> **What you have to do**
Once you find the line with "En underbar kort" in the data that follows, repeat it and every line after it exactly, through the line with "- Once you have".
----- Dataset entries -----
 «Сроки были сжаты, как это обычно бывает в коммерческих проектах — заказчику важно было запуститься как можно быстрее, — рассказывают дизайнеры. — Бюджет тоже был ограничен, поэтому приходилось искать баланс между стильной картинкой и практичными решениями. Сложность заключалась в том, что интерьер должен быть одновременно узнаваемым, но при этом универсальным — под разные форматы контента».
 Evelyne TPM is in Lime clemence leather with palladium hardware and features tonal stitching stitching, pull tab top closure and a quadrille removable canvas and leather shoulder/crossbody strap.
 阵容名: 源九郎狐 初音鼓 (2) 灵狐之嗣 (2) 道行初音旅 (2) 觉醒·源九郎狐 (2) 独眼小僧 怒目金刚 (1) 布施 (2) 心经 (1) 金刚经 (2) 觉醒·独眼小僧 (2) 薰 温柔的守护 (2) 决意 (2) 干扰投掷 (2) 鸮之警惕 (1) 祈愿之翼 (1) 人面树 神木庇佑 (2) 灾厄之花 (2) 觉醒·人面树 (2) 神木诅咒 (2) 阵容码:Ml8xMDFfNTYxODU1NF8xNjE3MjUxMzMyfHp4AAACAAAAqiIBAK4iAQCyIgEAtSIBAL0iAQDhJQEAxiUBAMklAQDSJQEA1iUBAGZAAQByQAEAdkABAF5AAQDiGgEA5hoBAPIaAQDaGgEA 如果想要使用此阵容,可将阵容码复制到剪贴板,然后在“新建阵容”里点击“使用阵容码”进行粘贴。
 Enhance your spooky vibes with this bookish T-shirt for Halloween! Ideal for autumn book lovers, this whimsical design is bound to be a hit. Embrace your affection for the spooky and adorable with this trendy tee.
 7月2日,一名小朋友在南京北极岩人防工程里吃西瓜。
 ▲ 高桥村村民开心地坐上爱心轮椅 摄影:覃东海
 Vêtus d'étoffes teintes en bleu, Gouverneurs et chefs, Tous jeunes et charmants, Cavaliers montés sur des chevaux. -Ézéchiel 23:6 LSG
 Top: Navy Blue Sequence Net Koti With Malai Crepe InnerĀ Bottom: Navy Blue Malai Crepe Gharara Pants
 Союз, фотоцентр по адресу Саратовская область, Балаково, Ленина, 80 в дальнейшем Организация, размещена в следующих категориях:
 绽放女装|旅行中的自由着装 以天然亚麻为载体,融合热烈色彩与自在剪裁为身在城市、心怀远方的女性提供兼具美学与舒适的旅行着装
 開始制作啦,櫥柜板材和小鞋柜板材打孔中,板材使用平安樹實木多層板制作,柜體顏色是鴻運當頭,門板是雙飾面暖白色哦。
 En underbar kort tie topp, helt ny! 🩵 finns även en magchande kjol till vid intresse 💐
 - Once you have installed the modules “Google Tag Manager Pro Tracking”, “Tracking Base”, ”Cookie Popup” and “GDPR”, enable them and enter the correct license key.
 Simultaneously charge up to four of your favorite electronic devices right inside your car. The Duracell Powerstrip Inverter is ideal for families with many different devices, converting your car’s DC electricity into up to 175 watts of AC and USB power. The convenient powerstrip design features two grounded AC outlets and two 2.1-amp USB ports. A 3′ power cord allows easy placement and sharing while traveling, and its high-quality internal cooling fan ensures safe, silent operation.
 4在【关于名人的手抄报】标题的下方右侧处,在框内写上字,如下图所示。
-----
> **Final answer**
 En underbar kort tie topp, helt ny! 🩵 finns även en magchande kjol till vid intresse 💐
 - Once you have installed the modules “Google Tag Manager Pro Tracking”, “Tracking Base”, ”Cookie Popup” and “GDPR”, enable them and enter the correct license key.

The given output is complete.